_REQUIREMENT_.
Please print exactly the lines from the line containing "Документ Формирование записей" through the end of the data, no more, and keep pictures out of the copy.

_THE RECORDS_.
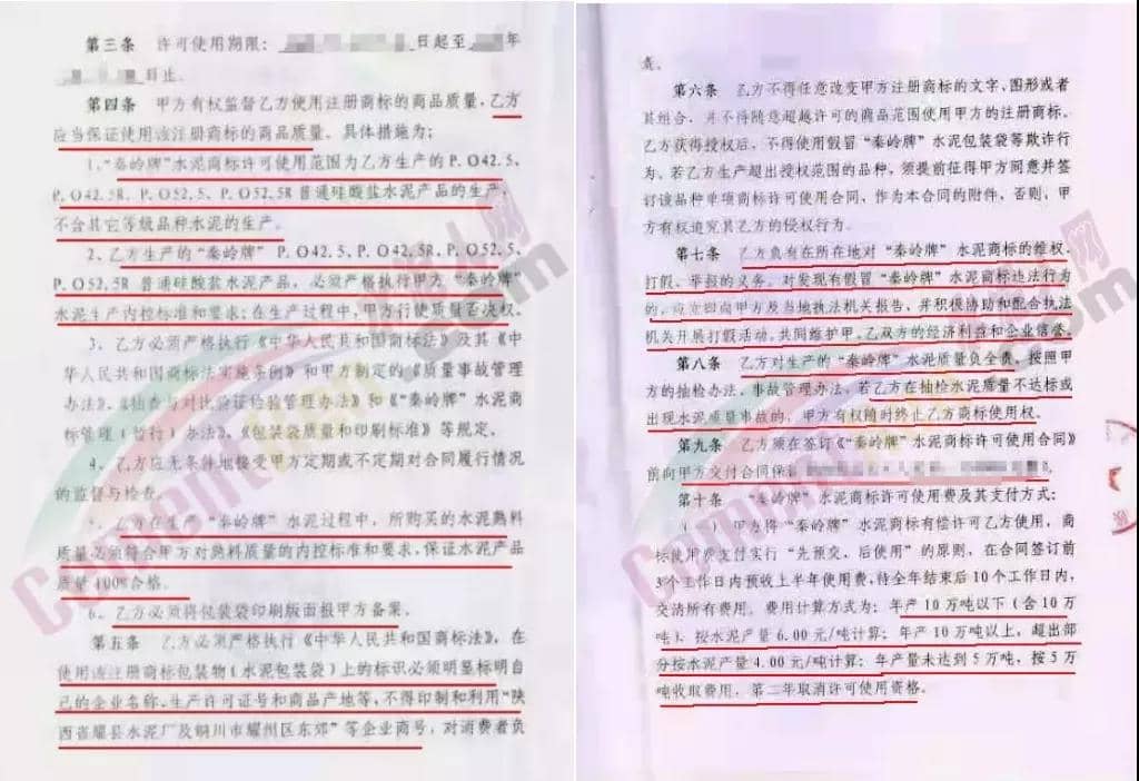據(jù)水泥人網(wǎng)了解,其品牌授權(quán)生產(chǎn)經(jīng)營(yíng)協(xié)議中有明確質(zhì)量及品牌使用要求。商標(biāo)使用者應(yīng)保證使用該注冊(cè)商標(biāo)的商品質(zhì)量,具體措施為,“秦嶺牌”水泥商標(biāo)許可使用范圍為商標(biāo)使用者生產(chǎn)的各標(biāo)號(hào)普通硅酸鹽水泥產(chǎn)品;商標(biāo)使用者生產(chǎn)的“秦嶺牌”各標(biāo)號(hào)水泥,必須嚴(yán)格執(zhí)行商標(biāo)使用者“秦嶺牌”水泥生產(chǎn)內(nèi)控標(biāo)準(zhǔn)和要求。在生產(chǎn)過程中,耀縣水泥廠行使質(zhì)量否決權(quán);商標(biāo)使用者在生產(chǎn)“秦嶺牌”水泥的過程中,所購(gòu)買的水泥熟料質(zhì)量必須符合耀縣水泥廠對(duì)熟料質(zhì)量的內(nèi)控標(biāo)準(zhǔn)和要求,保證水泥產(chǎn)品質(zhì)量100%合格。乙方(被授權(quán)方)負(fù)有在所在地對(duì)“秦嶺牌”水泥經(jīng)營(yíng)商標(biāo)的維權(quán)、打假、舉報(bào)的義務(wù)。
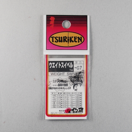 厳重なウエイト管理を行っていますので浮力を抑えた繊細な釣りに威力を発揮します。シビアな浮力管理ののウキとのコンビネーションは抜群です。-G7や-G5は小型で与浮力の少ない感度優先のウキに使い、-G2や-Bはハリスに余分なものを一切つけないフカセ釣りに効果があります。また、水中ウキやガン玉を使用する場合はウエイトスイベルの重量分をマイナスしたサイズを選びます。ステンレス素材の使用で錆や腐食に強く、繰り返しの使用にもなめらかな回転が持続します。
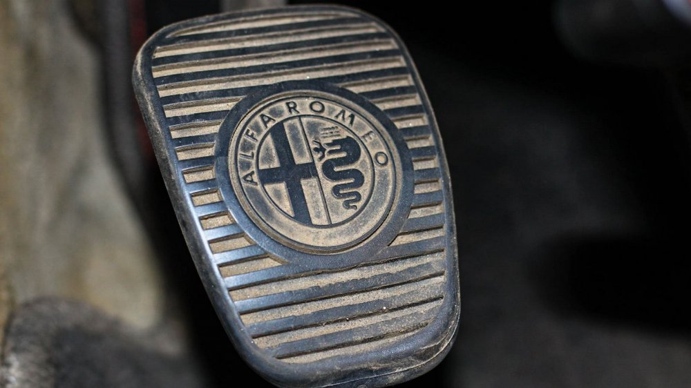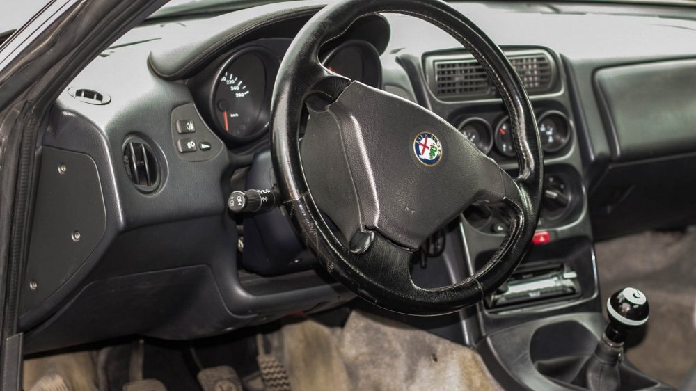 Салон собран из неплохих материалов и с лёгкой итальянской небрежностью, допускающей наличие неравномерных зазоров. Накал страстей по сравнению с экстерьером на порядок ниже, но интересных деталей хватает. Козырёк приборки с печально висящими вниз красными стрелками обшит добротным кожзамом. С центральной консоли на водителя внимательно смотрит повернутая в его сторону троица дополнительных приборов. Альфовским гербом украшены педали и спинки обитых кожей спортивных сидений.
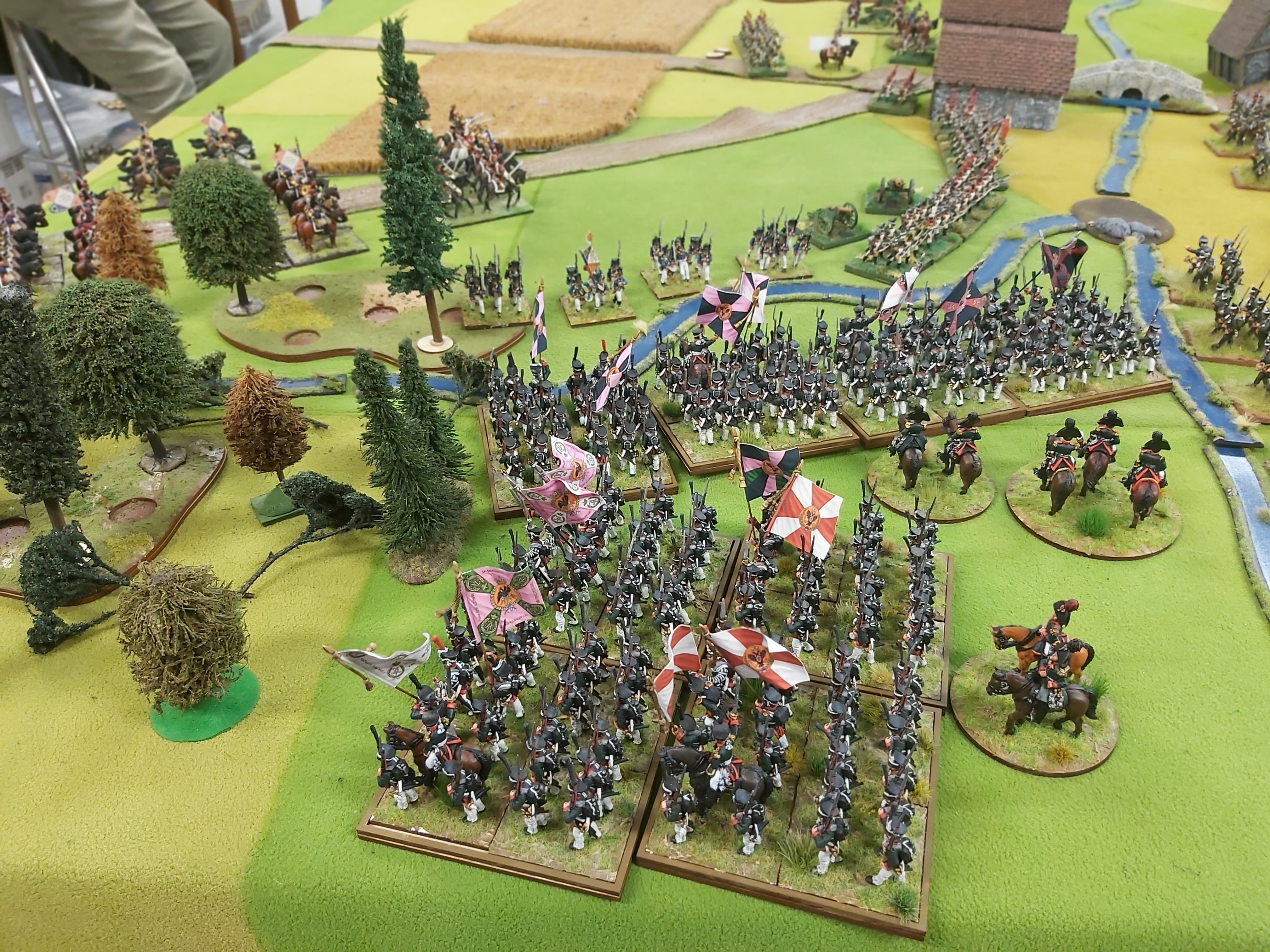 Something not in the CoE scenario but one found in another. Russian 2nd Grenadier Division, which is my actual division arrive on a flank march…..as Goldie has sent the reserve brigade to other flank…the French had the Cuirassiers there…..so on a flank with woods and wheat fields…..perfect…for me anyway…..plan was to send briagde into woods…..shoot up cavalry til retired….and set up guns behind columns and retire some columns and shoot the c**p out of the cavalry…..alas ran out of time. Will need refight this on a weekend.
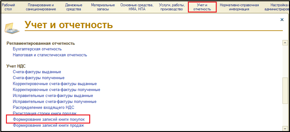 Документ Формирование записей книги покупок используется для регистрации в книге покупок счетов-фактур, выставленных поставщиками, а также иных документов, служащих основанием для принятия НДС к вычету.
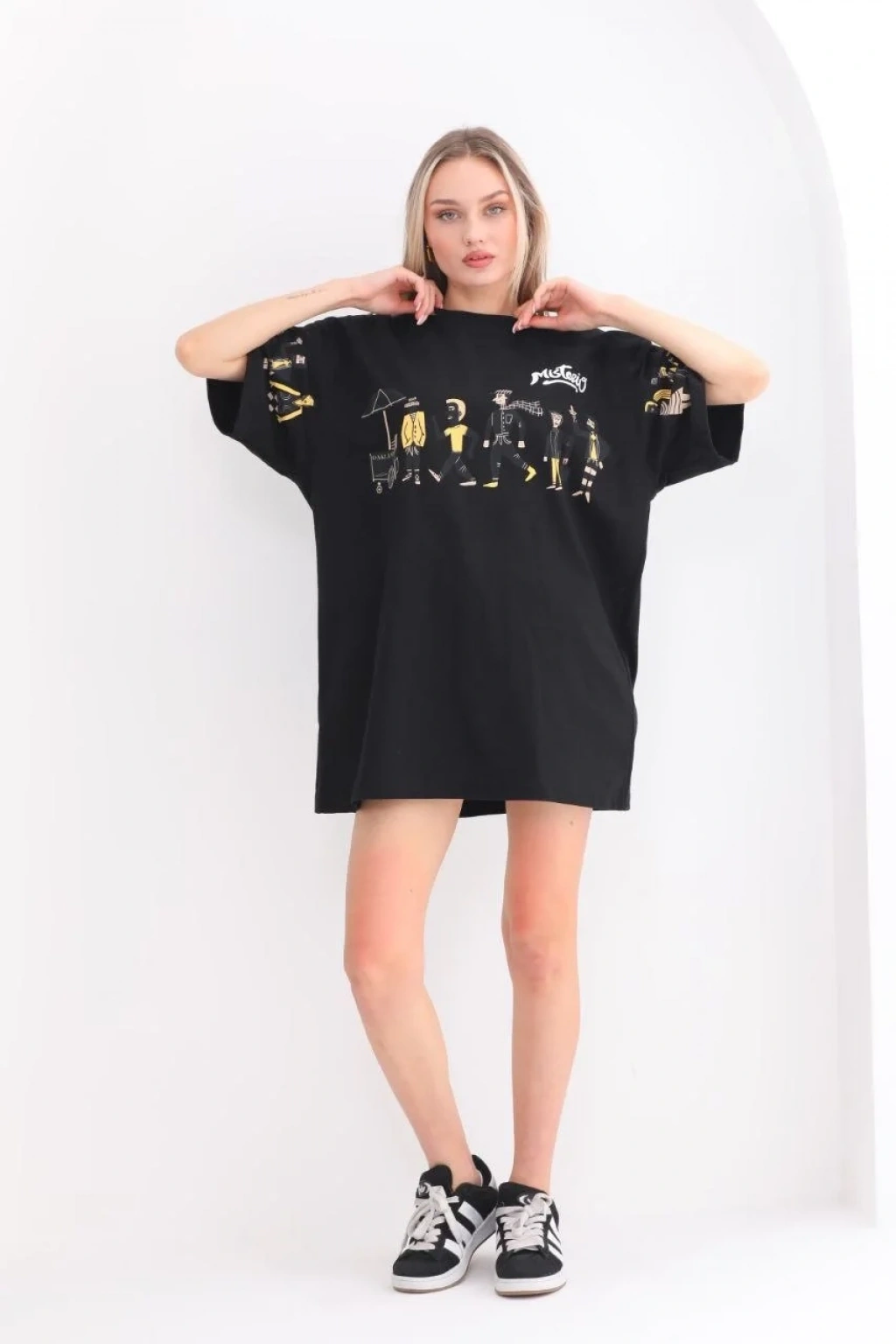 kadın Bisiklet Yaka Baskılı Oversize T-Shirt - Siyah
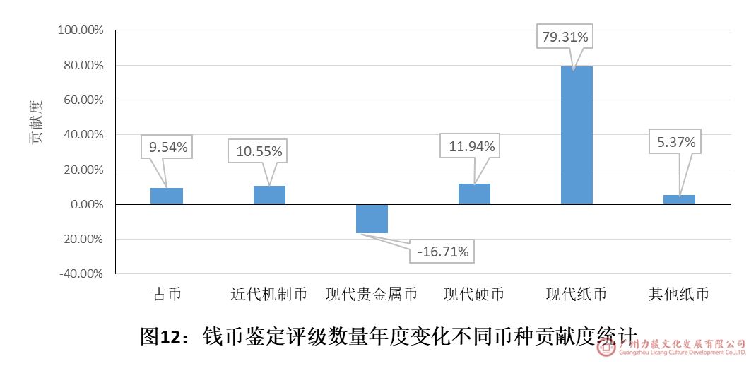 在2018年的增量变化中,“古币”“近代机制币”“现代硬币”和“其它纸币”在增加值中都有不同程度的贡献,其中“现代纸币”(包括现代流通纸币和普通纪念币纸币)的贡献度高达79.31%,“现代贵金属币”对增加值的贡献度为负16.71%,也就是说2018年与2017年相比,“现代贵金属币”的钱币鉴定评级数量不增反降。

_ANSWER SPACE_.
 Документ Формирование записей книги покупок используется для регистрации в книге покупок счетов-фактур, выставленных поставщиками, а также иных документов, служащих основанием для принятия НДС к вычету.
 kadın Bisiklet Yaka Baskılı Oversize T-Shirt - Siyah
 在2018年的增量变化中,“古币”“近代机制币”“现代硬币”和“其它纸币”在增加值中都有不同程度的贡献,其中“现代纸币”(包括现代流通纸币和普通纪念币纸币)的贡献度高达79.31%,“现代贵金属币”对增加值的贡献度为负16.71%,也就是说2018年与2017年相比,“现代贵金属币”的钱币鉴定评级数量不增反降。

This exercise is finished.